İçerikte Neler Var?

Davos 2022

Dünya Ekonomik Forumu’nun İsviçre’nin Davos kasabasında geleneksel olarak düzenlendiği Zirve iki seneden sonra ilk defa yüz yüze gerçekleştiriliyor. Davos zirvesi olarak da anılan bu zirveye dünyanın en büyük şirketlerinin temsilcileri, siyasetçiler, sivil toplum örgütü temsilcileri katılıyor. Zirvenin en önemli konularının başında Rusya Ukrayna Savaşı gelse de İklim Krizi ve İklim Krizine karşı alınacak önlemler yine masada. Bu kaygıların nasıl üstesinden gelineceğinden borç içerisindeki ülkelerin yenilenebilir enerjiye geçişte nasıl finanse edileceğine kadar pek çok konu gündemde.
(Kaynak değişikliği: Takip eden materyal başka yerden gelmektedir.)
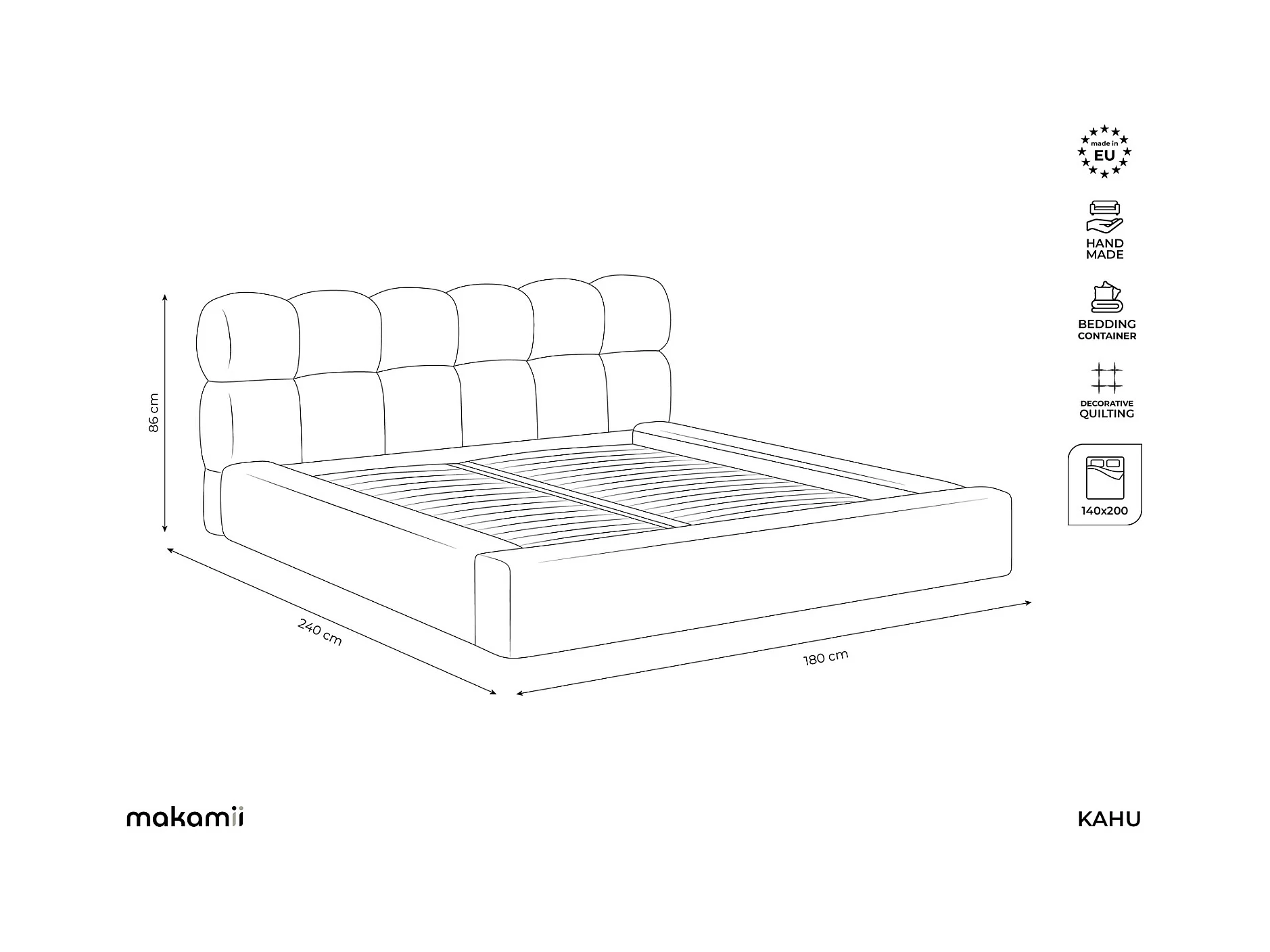 Lit rembourré avec rangement 180 x 240 - en Samt - beige clair - KAHU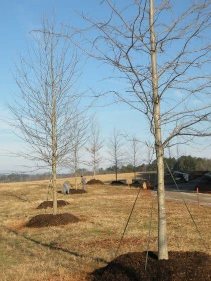 "The trees are fairly mature - about ten meters tall. We have several different varieties of oak, maple, elm, and poplar trees," said Ritch Temple, course designer of Chattahoochee Hills and AEC organizer. The trees were "rescued" from a tree farm about 100 miles from Chatt Hills--a bank had bought the property and the future of the trees was bleak.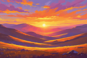 Arte digital vibrante que captura a beleza do nascer do sol.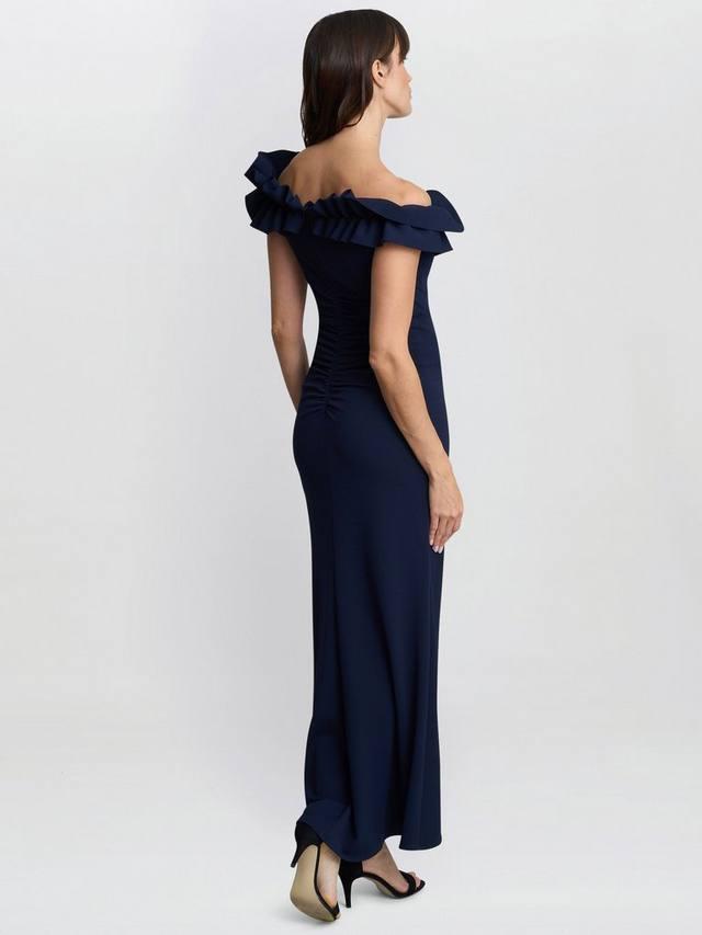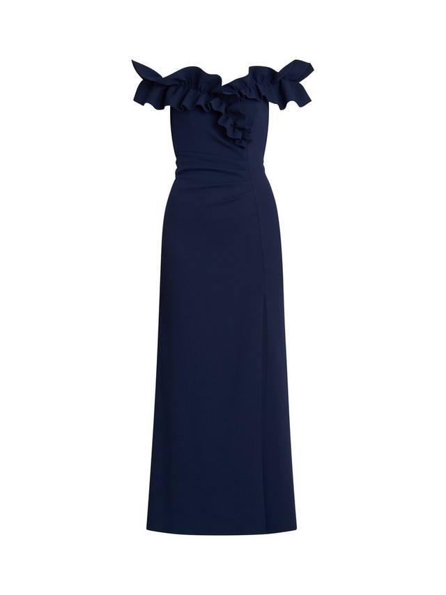 В этом макси-платье с открытыми плечами вас покорит вневременная элегантность. Модель украшена оборками на плечах и вырезе. Оборка на лифе добавляет женственности, а мягкая драпировка на талии создает изящный силуэт.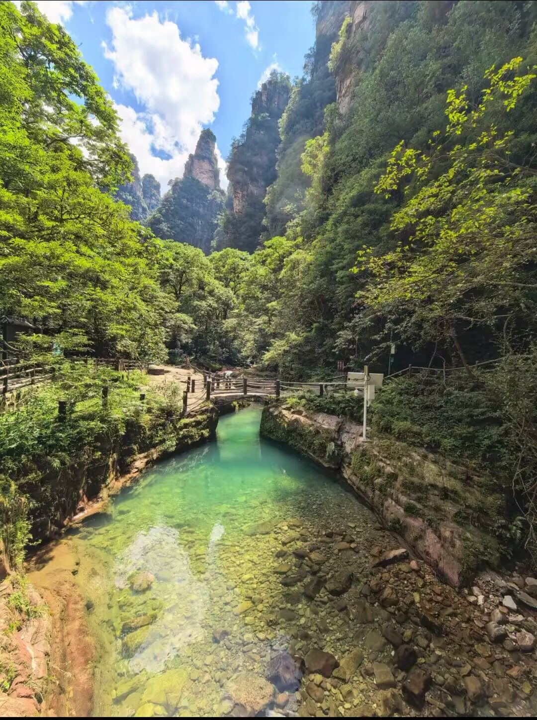 【张家界国家森林公园】(含进山大门票及环保车,赠送百龙天梯双程),走进神秘的潘多拉世界,前往游览【袁家界景区】,美国3D科幻巨片《阿凡达》中悬浮山外景拍摄地“哈利路亚山”原型“乾坤柱”,探寻电影《阿凡达》中群山漂浮、星罗棋布的玄幻莫测世界漫步“中国最美峡谷”—【金鞭溪景区】,呼吸免费新鲜空气,杉林幽静,穿行在峰峦幽谷间,溪水明净,水中小鱼穿梭而行,胜似画中游
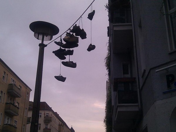 Bei uns um die Ecke sammeln sich immer mehr Schuhe auf einer zwischen Laterne und Haus gespannten Wäscheleine. Ein Kunstprojekt? Oder nur ein anderes Wort für Abfallentsorgung?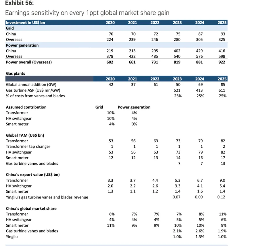 我们从两个维度预见中国电力与电网设备出口企业的每股收益(EPS)存在上行空间:全球市场份额提升 和 可服务市场(TAM)扩大。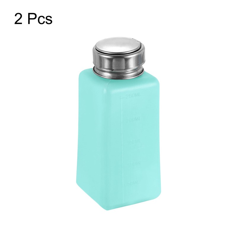 HARFINGTON 2PCS 250ML(8.5oz) Push Down Alcohol Dispenser Pump Liquid Press Empty Bottles Refillable Container for Cleanser Nail Polish Remover, Green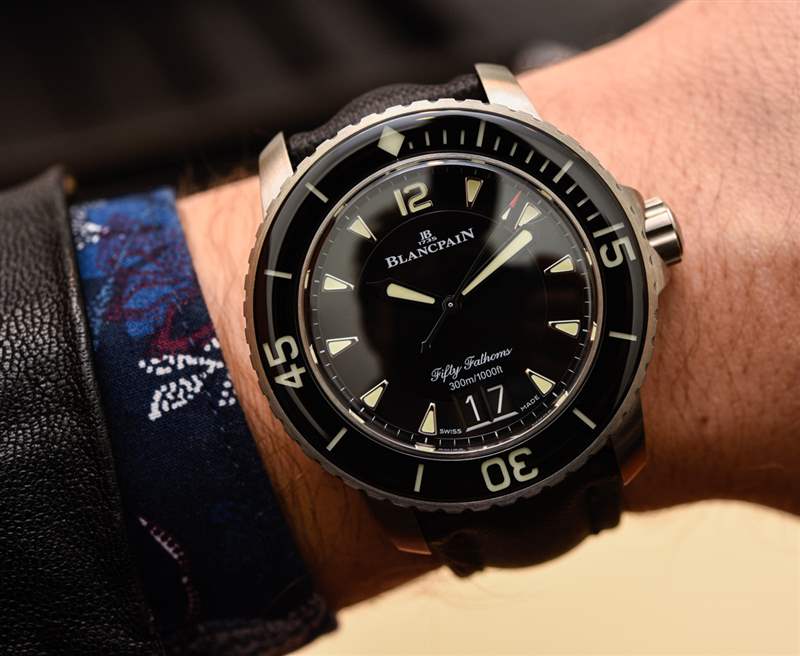 Blancpain的五十噚系列高端潛水表一直是我最喜歡的豪華運動手表系列之一。在 2018 年巴塞爾國際鐘表珠寶展上,寶珀推出了五十噚系列中的一些新型號,其中包括我最喜歡的這款寶珀五十噚 Automatique Grande Date 5050。讓我們將五十噚 5050 與仍然相當受歡迎的寶珀五十噚 5015 進行比較,我在 aBlogtoWatch 上對其進行了評論這里.?5050 是一款更新的型號,具有更新的機芯和不同的表殼材料。話雖如此,它不是 5015 的替代品,而是一種額外的風味。目前形式的五十噚系列無疑是一個老化的模型(最初于 2007 年首次亮相)——盡管它在上市十多年后表現良好。2018 年五十噚 Grande Date 5050 可能不會讓 5015 的所有者“升級”,但它可以很容易地讓更多人佩戴這款真正有吸引力且性能良好的高端瑞士潛水表。

Türkiye’nin 2009’da yaşanan kriz nedeniyle bu yıl da katılmadığı zirveye, yaklaşık 2500 kişilik bir katılım gerçekleşiyor.
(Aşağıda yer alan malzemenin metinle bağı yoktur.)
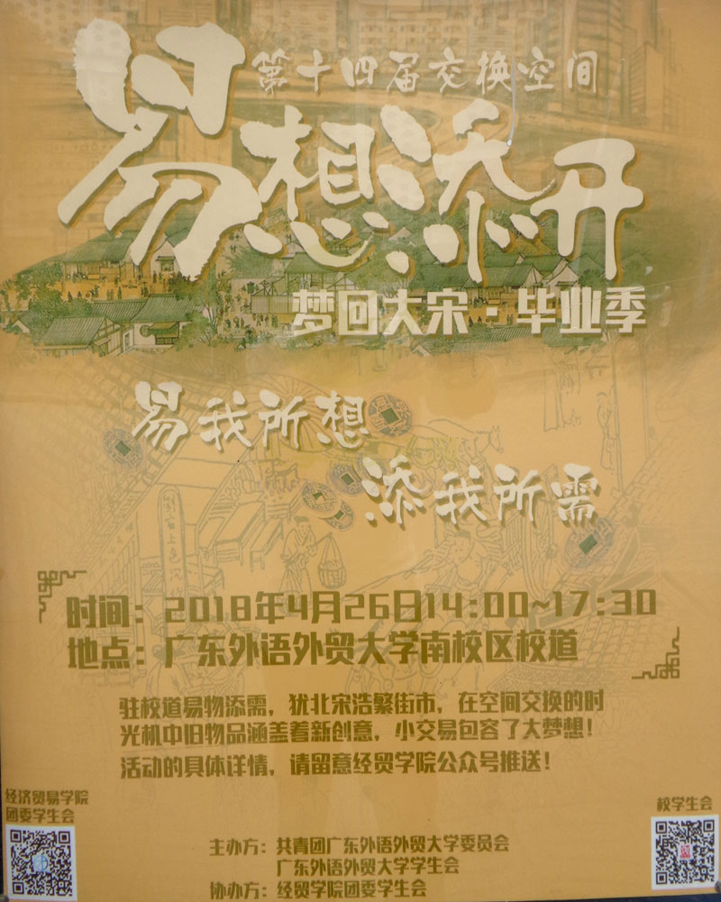 | 【易想添开】第十四届交换空间 2018年4月26日14:00-17:30 生活区主干道中段 | ||||||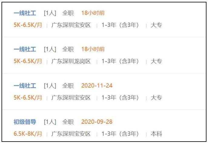 最后,也是大家最关心的一点:收入。社工的收入自然无法和互联网相比,优点是稳定,收入跟地区发展有关,地区差异比较大,比如深圳的话大概在16万左右,但基本在各地都能达到平均工资水平。
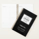 Add a professional look to your workspace with a custom company branded spiral business planner featuring a large space for your business logo with modern custom text that can be personalised with the name of the employee or business owner, business name, location, slogan, website, or other info. Makes a great corporate gift. Includes a faux black Carrera marble background that is printed on the front and back covers.

İklim krizi belirgin bir şekilde dünyanın dikkatini çekiyor.

Sıcaklıkların hızla artması, olumsuz hava olaylarının artık herkes tarafından hissedilen ve de gelişmekte olan ülkelerdeki insanların yüklendiği maliyetleri; iklim krizini sadece bilimsel bir olay olmaktan çıkardı ve de özellikle iş ve ekonomi dünyasının günlük hayatına yansıyan bir fenomene dönüştürdü.
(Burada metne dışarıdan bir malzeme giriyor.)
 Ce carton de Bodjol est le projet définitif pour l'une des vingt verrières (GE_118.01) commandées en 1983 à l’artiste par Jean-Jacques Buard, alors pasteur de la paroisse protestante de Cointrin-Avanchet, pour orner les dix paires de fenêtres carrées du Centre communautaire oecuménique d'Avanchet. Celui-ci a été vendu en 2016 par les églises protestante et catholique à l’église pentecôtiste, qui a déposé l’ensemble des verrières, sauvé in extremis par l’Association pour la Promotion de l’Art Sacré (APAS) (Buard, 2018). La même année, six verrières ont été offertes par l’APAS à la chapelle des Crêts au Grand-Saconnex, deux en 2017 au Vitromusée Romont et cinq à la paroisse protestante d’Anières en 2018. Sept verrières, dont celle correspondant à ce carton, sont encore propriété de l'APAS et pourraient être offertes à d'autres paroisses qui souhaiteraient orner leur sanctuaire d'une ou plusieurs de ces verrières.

Pazartesiden perşembeye yaklaşık 270 panelin üçte biri iklim değişikliği veya doğrudan etkileri ile ilgili. ABD iklim elçisi John Kerry, Ugandalı iklim aktivisti Vanessa Nakate ve geçen yılki uluslararası iklim konferansı COP26’nın başkanı Alok Sharma, İsviçre’nin tatil beldesi Davos’taki iklim liderleri arasında yer alıyor.

Çevresel, Sosyal, Yönetişim (ESG)

Birçok panel, çevreyi ve diğer önemli faktörleri dikkate alan bir yatırım yaklaşımına ayrılmış. Çevresel, Sosyal ve Yönetişim olarak bilinen ve ESG kısaltması ile kullanılan kriterler bu konuda öne çıkıyor. Panellerde bu yaklaşım tartışılıyor. Şirketler bu kriterleri yerine getirebilmek için trilyonlarca dolar yatırım yapıyorlar.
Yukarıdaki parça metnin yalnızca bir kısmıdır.